Although this is a problem for those looking for research articles, it can also be an issue for the way published research becomes cited by others. For example, articles without abstracts or very brief abstracts were often found only after using exact topic words found in the article's title or by starting a search from within a specific critical care journal itself. Our experience has been previously demonstrated where the choice of keywords and abstract construction significantly impacts the likelihood that an article will be found using modern electronic searches [17].

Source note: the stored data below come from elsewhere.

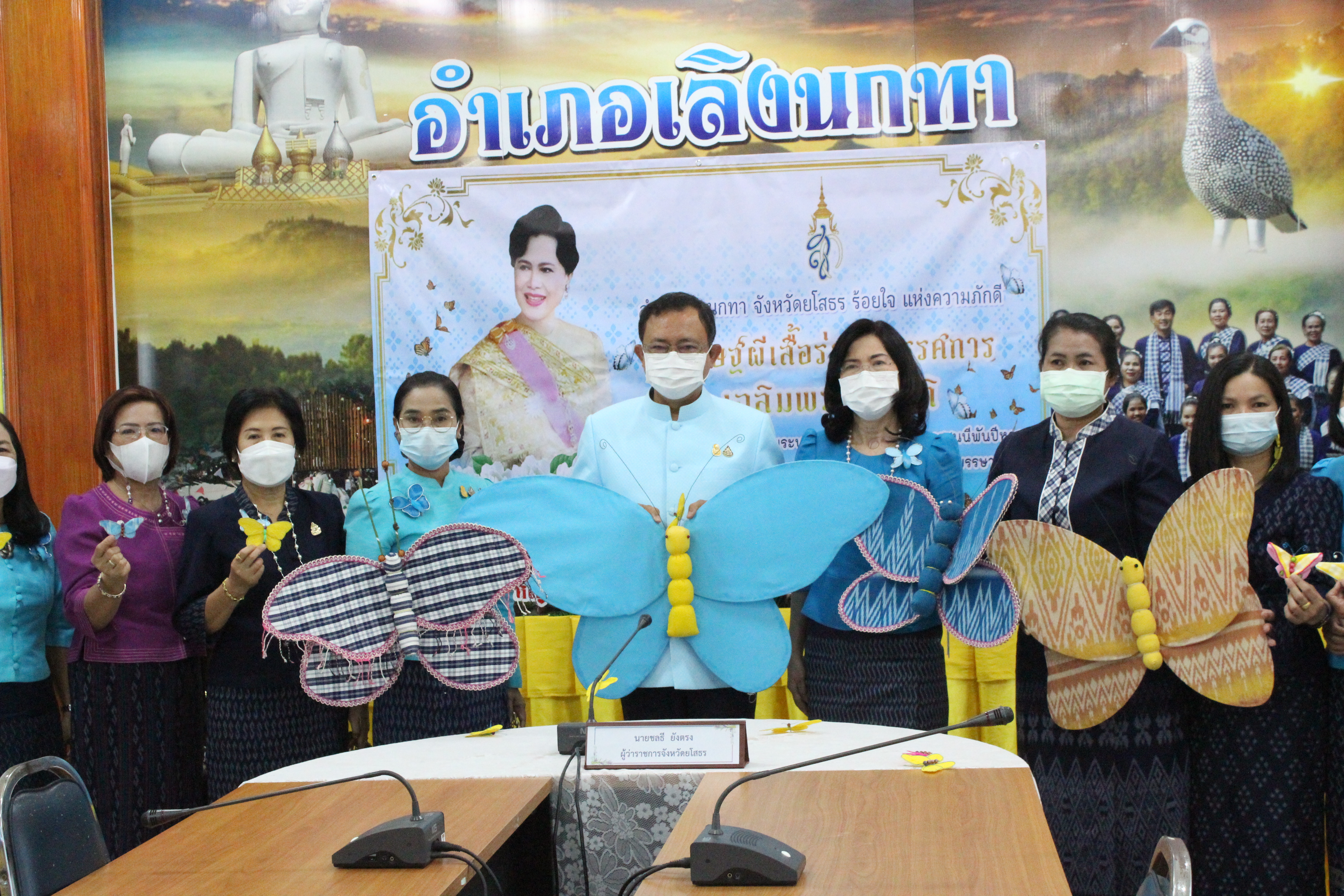 ? นายชลธี ยังตรง ผู้ว่าราชการจังหวัดยโสธร พร้อมด้วย นางพัทธานันท์ ยังตรง นายยกเหล่ากาชาดจังหวัดยโสธร นางวิชชุฎา เข็มเพชร นางรพีพรรณ แสงศรี รองประธานแม่บ้านมหาดไทยจังหวัดยโสธร นางสาวพุทธิมาลย์ เชียรพิมาย พัฒนาการจังหวัดยโสธร สมาชิกชมรมแม่บ้านมหาดไทย ลงพื้นที่ตรวจเยี่ยมให้กำลังใจแก่กลุ่มในการประดิษฐ์ผีเสื้อเพื่อนำไปประดับในนิทรรศการเฉลิมพระเกียรติสมเด็จพระนางเจ้าสิริกิติ์ พระบรมราชินีนาถ พระบรมราชชนนีพันปีหลวง เนื่องในโอกาสมหามงคลเฉลิมพระชนมพรรษา ๙๐ พรรษา ๑๒ สิงหาคม ๒๕๖๕ เพื่อประชาสัมพันธ์เชิญชวนส่วนราชการ หน่วยงานรัฐวิสาหกิจ องค์กรปกครองส่วนท้องถิ่น ภาคเอกชน ภาคประชาชนในจังหวัด และกลุ่มผู้ผลิตสินค้า OTOP ดำเนินการประดิษฐ์ผีเสื้อ โดยใช้ผ้าไหม ผ้าฝ้าย หรือผ้าตามอัตลักษณ์ และในการประดิษฐ์ผีเสื้อต้นแบบในวันนี้ ซึ่งอำเภอเลิงนกทา ได้นำผ้าลายอัตลักษณ์ “ลายตาม่องผ้าลายตาม่อง ภูไทห้องแซง” มาประดิษฐ์ผีเสื้อจำนวน 90 ตัว ซึ่งมีขนาดและสีสันสวยงามแตกต่างกันไป นำมาประดิษฐ์ผีเสื้อที่มีความสวยงามและมีเอกลักษณ์ของจังหวัดยโสธร เพื่อเป็นสัญลักษณ์แทนความจงรักภักดีและสำนึกในพระมหากรุณาธิคุณ ของพสกนิกรชาวจังหวัดยโสธร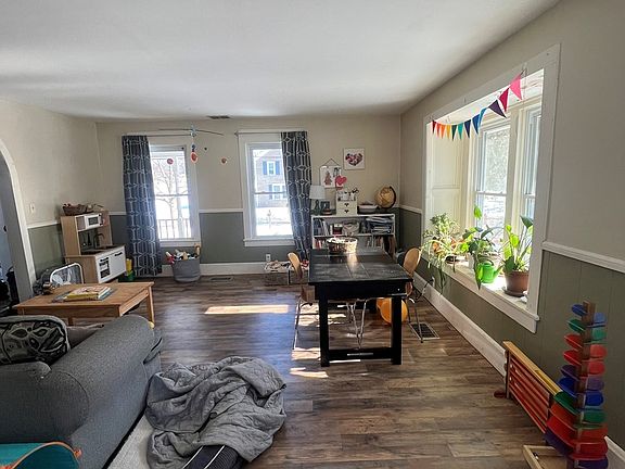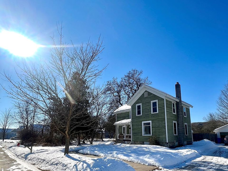 This home features 3 bedrooms and 1.5 baths. It's located on a quiet village street surrounded by trees. The home has ample living space downstairs, and 3 bedrooms with lots of storage upstairs. The master bedroom is spacious and includes a half bath. There is a charming front porch, and a lovely deck outback overlooking the yard. There's also a large two car detached garage and a wood shed.
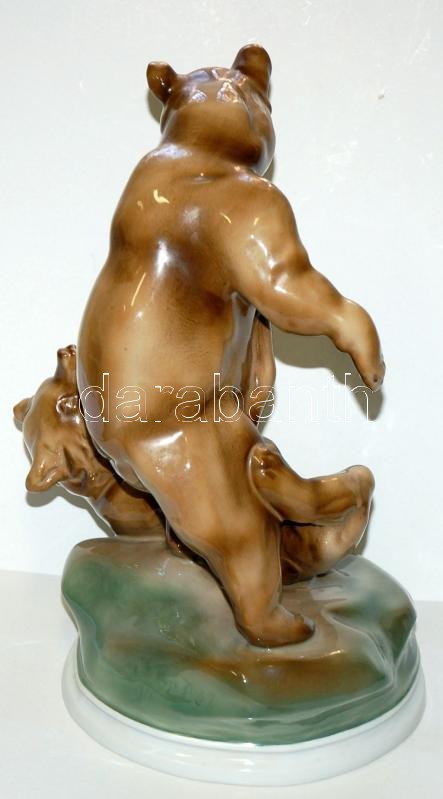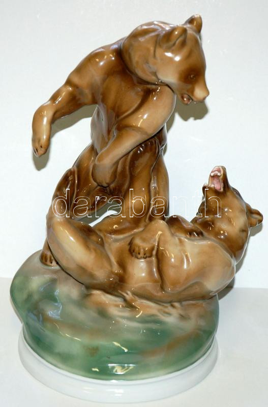 Leírás: Kézzel festett birkózó medvéket ábrázoló nagyméretű jelzett Zsolnay porcelán figura /
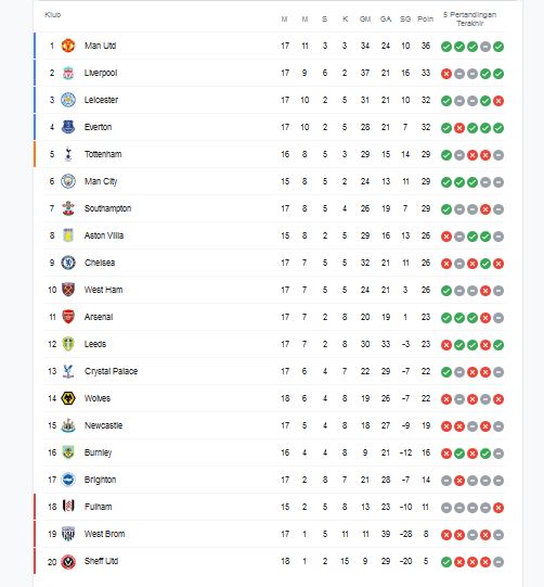Klasemen Liga Inggris 2020-2021 pekan ke-17

This study does highlight the importance of sepsis and infectious disease as well as respiratory physiology in critical care with more than half the articles falling into 1 of these 2 broad categories. On the other hand, the most cited article was related to physiologic predictors of morbidity and mortality and the next 3 articles were related to mental status.

Limitations

This study, like previous ones focusing on citations, has several limitations. Perhaps the most relevant is the debate as to what constitutes the most influential articles within a professional discipline [1], [4], [18]. Citation data found in all bibliographic databases rely not only on correctly acquiring cited references but also on the assumption that a primary study cites other references that are most relevant to the published article. It is likely that this study captured many of the classic articles in critical care as each article in our list of the top 200 articles was cited at least 300 times. Considering that 46% of articles published in medicine are never even cited, this is a remarkable observation [19]. Certainly, these articles deserve attention and must have made an indelible impact. However, this is not always the case. Authors may preferentially cite their or their colleagues' previous works both because of familiarity or to increase the citation of that article. Recent scholarship on social networks, especially in the age of accelerated knowledge transmission, suggests that there may be an enhanced level of “connectedness” related to these networks [20], [21]. It is not known whether, or how, this connectedness may be influencing the dissemination and therefore the pattern of references within the critical care community or among specific critical care topics. However, it is possible that the pattern of some citations may reflect the influence of an individual, as some have referred to as the “ceremonial citation,” rather than the specific findings within an article [16], [22], [23]. In addition, authors are more likely to cite articles of their own language [8], [24] or articles that come from a highly cited journal. Not surprisingly, Baltussen found that among the most cited 45 articles, most of them came from non–critical care-focused journals [16]. Nevertheless, using citations as a proxy for influence and importance has both face validity and is supported by empiric data demonstrating that citation analyses correlate with articles with the highest quality hierarchies of evidence and research design [25].

Most importantly, the use of citations is also confounded by the effect of time from the year of publication [26] with peak of citations differing for different journals and areas of research. Once citations do peak, they eventually become part of common knowledge and are no longer cited. Previous studies suggest that articles peak 7 to 10 years after publication [15], [26]. It has been suggested that “classic” articles are relevant to only a few decades and many important articles are lost to the passage of time [15]. These findings may be supported by the fact that among the top 200 articles in this study, 158 were published during or after 2000. It is probably too early to tell how electronic databases will change the epidemiology of citation classics because it is easier to retrieve and perhaps cite influential articles than before the age of the Internet.

In conclusion, although Web-based search engines can produce lists of references within seconds to minutes, the utility of these searches can be quite limited as a complete end effective literature search remains an art. Periodic reviews of the literature may prove helpful to trainees mastering the most influential literature of our field as well as more established professionals searching for starting points for new investigations.